- **What is required**:
Reproduce exactly the lines of the material beneath, from the line that contains "Mon Quotidien informe" to the line that contains "西红柿放入开水中烫一下,然后去皮。", both included, and no other lines.

- **Supplied records**:

*** Begin section ***

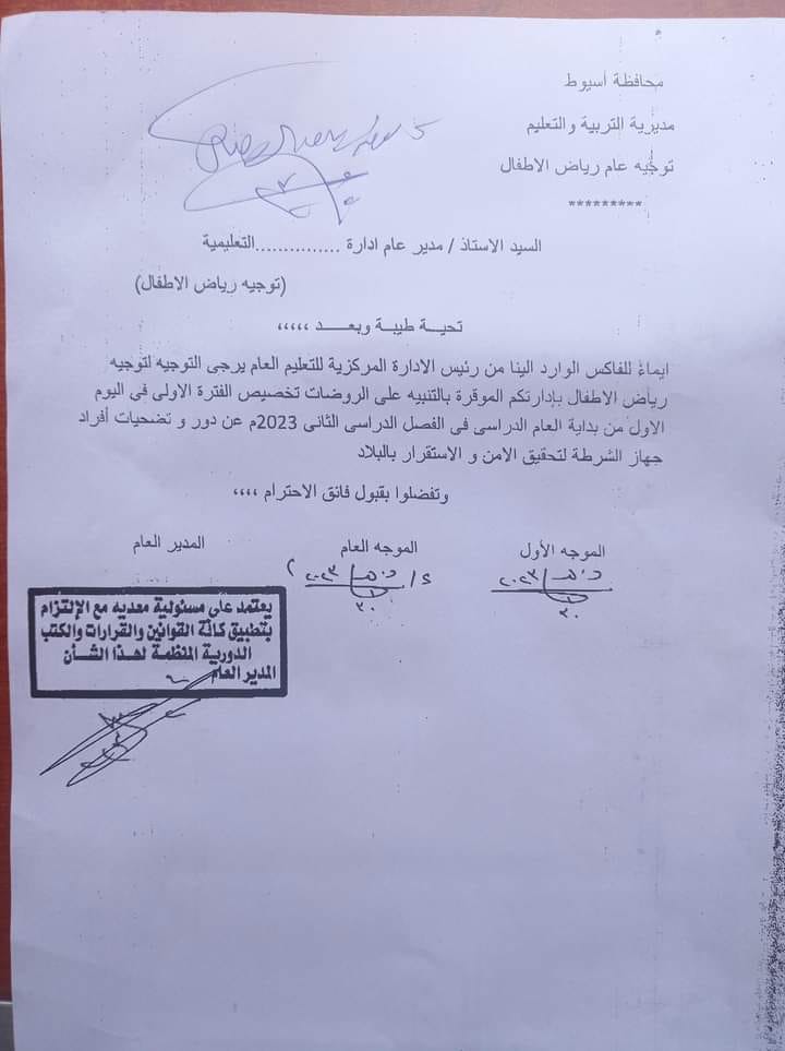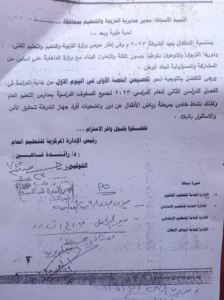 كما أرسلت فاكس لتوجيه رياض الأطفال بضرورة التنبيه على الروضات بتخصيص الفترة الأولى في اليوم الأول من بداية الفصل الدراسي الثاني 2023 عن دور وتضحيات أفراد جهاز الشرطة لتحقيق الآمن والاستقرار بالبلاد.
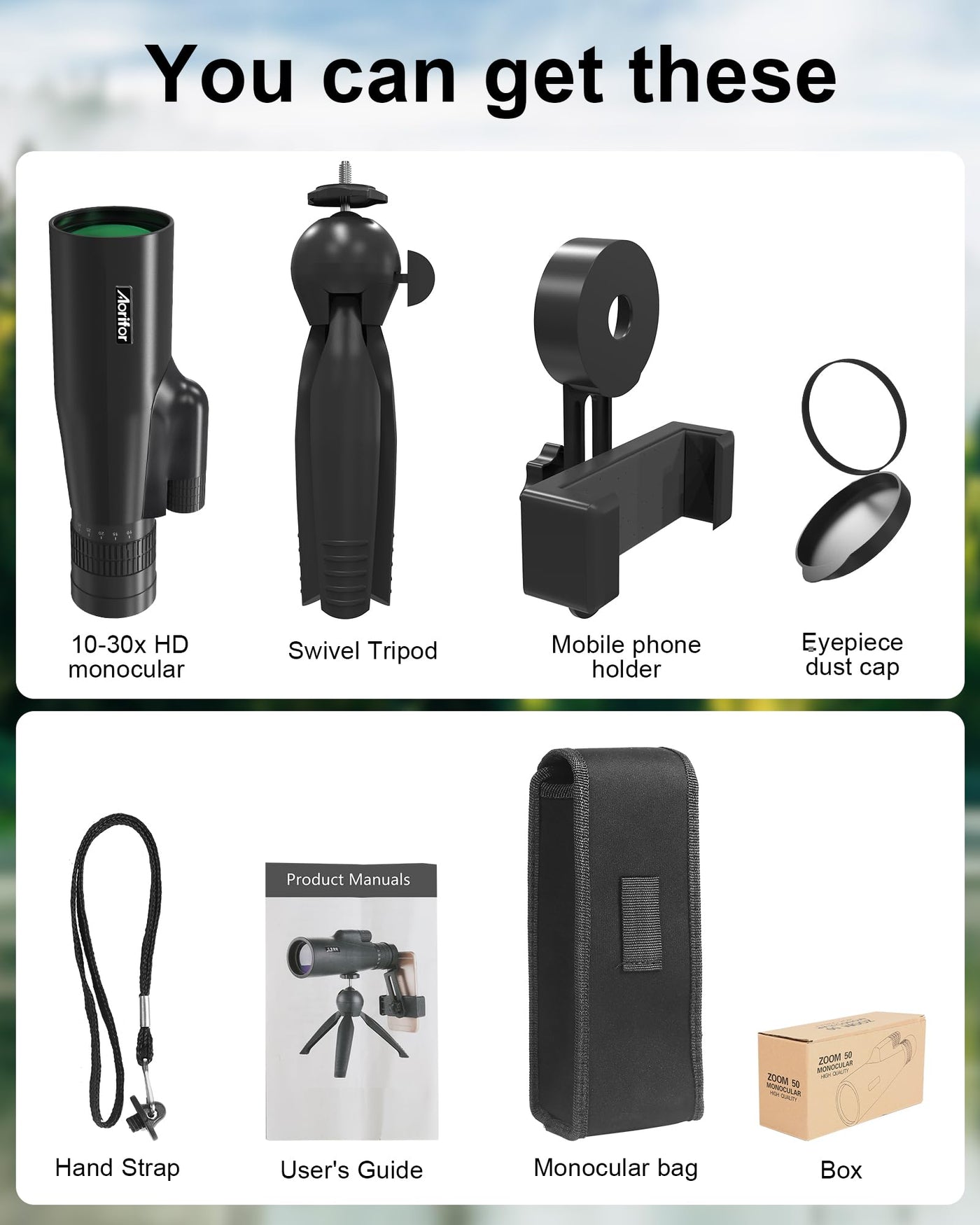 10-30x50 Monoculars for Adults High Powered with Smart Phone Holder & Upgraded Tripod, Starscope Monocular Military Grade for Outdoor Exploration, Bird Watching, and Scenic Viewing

*** End section ***
*** Begin section ***

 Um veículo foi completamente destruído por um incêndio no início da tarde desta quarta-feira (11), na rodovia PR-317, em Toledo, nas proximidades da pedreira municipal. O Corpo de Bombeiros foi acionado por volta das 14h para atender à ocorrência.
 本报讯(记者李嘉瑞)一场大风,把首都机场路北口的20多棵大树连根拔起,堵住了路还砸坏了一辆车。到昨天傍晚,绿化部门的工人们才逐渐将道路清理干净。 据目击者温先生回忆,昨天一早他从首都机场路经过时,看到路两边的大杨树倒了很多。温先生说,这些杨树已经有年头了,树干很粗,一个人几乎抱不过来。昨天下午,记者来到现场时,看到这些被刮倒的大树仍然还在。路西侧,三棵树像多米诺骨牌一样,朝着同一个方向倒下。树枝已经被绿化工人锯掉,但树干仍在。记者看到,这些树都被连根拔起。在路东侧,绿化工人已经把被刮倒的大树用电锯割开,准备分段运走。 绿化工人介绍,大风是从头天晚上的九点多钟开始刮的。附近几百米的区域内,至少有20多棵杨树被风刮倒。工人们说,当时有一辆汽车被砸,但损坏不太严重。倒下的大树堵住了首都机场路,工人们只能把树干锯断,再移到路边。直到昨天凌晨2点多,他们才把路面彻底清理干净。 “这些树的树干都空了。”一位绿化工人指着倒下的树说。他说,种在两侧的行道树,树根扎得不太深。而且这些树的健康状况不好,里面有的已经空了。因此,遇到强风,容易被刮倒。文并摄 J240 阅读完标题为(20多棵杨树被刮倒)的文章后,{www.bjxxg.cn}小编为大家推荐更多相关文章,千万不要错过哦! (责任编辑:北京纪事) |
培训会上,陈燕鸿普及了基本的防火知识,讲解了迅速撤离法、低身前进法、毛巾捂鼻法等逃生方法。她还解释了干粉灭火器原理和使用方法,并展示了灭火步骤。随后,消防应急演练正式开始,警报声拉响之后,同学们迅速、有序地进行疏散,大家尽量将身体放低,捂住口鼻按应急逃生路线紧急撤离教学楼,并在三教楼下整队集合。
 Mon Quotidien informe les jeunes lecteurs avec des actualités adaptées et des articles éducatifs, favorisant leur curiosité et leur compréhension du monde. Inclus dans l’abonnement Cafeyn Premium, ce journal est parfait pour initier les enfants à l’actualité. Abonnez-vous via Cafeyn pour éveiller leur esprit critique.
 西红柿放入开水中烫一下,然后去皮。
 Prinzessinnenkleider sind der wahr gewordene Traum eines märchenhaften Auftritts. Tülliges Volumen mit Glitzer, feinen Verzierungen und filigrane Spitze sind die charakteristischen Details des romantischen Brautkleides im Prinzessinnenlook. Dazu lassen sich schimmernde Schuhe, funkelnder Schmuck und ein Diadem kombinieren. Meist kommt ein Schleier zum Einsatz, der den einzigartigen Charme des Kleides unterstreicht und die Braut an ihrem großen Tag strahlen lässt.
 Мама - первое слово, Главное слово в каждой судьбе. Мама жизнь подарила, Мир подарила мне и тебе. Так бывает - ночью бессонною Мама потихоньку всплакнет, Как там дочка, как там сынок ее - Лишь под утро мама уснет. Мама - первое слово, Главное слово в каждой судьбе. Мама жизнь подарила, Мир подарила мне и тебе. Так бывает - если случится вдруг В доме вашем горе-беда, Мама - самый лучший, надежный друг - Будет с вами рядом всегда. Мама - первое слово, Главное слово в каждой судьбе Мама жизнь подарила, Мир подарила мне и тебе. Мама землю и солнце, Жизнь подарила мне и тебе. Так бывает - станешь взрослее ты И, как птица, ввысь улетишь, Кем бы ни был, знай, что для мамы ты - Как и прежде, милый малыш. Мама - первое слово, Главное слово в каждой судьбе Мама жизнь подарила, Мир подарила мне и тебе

*** End section ***

- **Answer for the task**:
 Mon Quotidien informe les jeunes lecteurs avec des actualités adaptées et des articles éducatifs, favorisant leur curiosité et leur compréhension du monde. Inclus dans l’abonnement Cafeyn Premium, ce journal est parfait pour initier les enfants à l’actualité. Abonnez-vous via Cafeyn pour éveiller leur esprit critique.
 西红柿放入开水中烫一下,然后去皮。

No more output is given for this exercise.